1967 and 1968 were years of incredible upheaval around the world. Liberation movements in the Third World and radical and revolutionary movements in the First World had a tremendous upsurge. Within the U.S., the non-violent ideology of the main civil rights organizations of the 50s and early 60s was giving way to new conceptions of Black power and Black Liberation. Malcolm X put the struggle of Black people in the U.S. in a global context before he was assassinated in 1965 -- making links with the revolutionary national liberation movements rocking Asia, Africa and Latin America at the time. The Black Panther Party was formed in 1966 and spread around the country in 67-68 as an explicitly revolutionary and socialist Black organization. Local rebellions in Black urban neighborhoods began in these years, which then spread to the entire country and became massive in the days after Martin Luther King was assassinated. The anti-war movement in the U.S. was becoming a mass phenomenon, and a growing anti-imperialist section of the movement began to actively support the revolutionaries in Vietnam.

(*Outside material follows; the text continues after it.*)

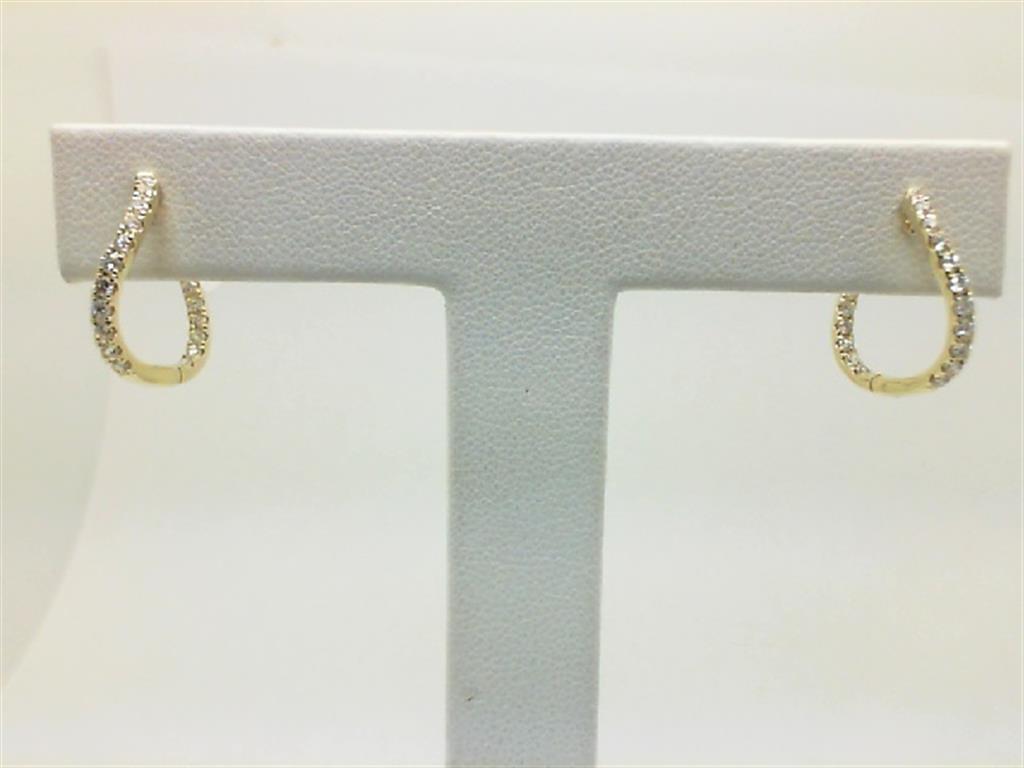 LADY'S YELLOW 14 KARAT SMALL WAVY HOOP EARRINGS WITH 0.52TW ROUND DIAMONDS
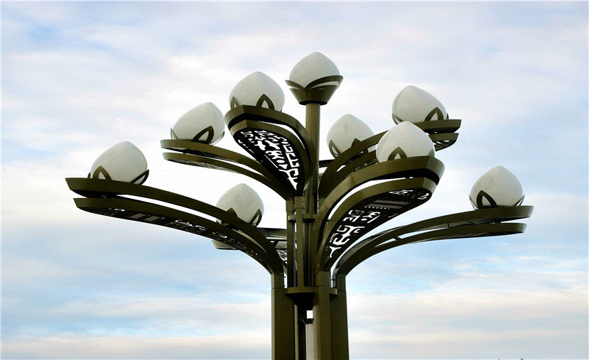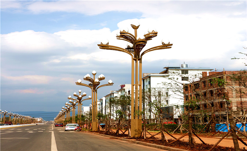 八叉九火玉蘭燈,燈高16米,燈桿呈古銅色,外觀造型大氣而有質(zhì)感,桿體內(nèi)側(cè)安裝LED節(jié)日氛圍燈條;光源采用全LED光源,替代傳統(tǒng)鈉和節(jié)能燈光源,道路照度均勻度和環(huán)境進一步提升。

It was in this context that we have to consider Martin Luther King's ideas and actions in 1967-68. He was being pushed to the left by the surging revolutionary movements around the world, and the rising revolutionary sentiment and organization in the Black community.
At this time King began to speak out forcefully against the Vietnam War, against the counsel of more conservative leaders in the civil rights movement who until then had totally refused to link the civil rights movement to the anti-war movement. The best testament to King's increasing outspokenness on Vietnam is the powerful Beyond Vietnam speech from April 4, 1967. You can read and listen to the speech here.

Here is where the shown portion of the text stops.